Shopify CEO Tries It Overnight — Gets a 19% Score Improvement
The community response was immediate. Shopify CEO Tobi Lutke adapted the framework overnight for an internal query-expansion model project called qmd. Before going to bed, he set the agent loose with instructions to optimize for quality and speed, pulling training data from an internal GitHub repo. When he woke up eight hours later, the agent had run 37 experiments and delivered a 19% improvement in validation score — on a 0.8B parameter model that now outperformed the previous 1.6B model it was meant to replace.
“I’m not a ML researcher of course,” Lutke wrote. “But it’s mesmerizing to just read it reasoning its way through the experiments. I learned more from that than months of following ML researchers.”

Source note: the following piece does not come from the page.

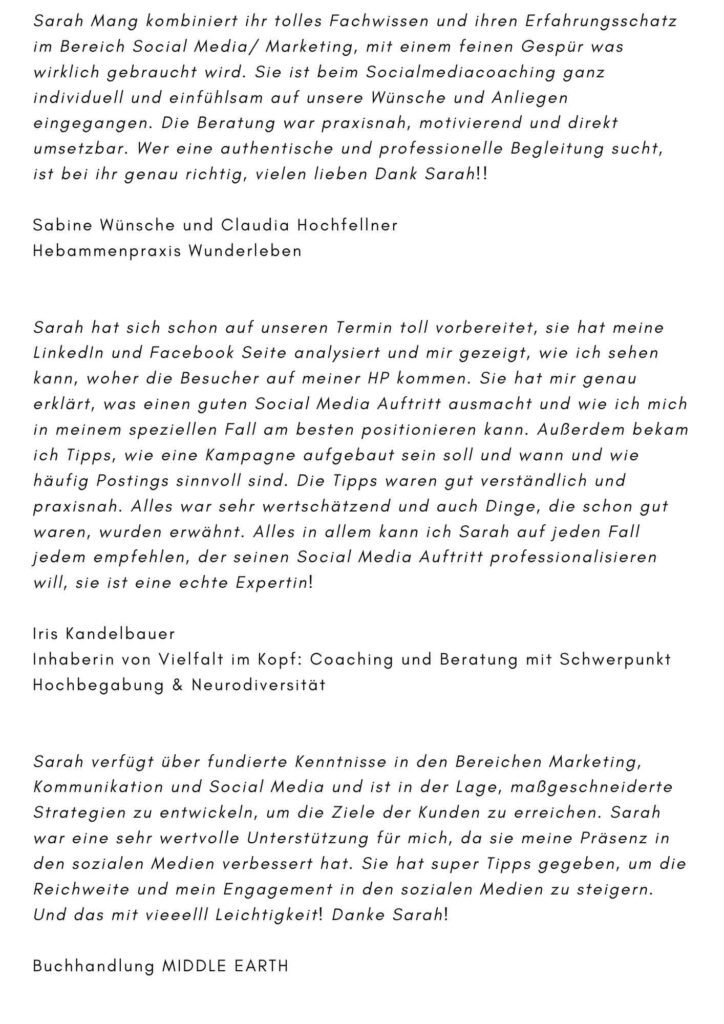 Das sagen Kund:innen zur Beratung und zum Coaching

Karpathy’s response: “Who knew early singularity could be this fun?”
A New Division of Labor
What autoresearch really represents is a shift in the nature of the researcher’s job. As Karpathy has previously noted, the primary user of many systems is increasingly an LLM, not a human — and the design of those systems needs to reflect that. In autoresearch, the “product” is program.md: the cleaner and more precise the human’s instructions, the better the agent navigates the search space.

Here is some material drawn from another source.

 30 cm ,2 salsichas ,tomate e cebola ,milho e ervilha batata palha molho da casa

This also connects to Karpathy’s broader thinking on agentic AI. He has historically been measured in his expectations for agents replacing human researchers wholesale, noting the many cognitive limitations that still need to be resolved. But autoresearch sidesteps many of those limitations by operating in a tightly constrained environment with one agent, one file, one metric, and one objective. Within those rails, the agent performs remarkably.
As he has written before, the era he believes AI is entering is one defined by environments — spaces where an AI can take actions, see outcomes, and iterate. Autoresearch is arguably one of the cleanest examples of this philosophy made real: a closed environment, a measurable reward signal, and an agent left to run.
The Bigger Picture
There is something philosophically significant about a project where AI is being used to improve the very AI training code that produces better AI. It closes a loop that researchers have long theorized about. The fact that Karpathy — someone who has cautioned against hype around any single technique being the “full story” of AI progress — is the one building this is telling.
Autoresearch doesn’t claim to be the singularity. It’s a weekend project, deliberately minimal, deliberately scoped. But the trajectory it points toward — agents that iterate on their own training, accumulating improvements across hundreds of generations, in ways that eventually become hard for humans to fully interpret — is one worth paying close attention to.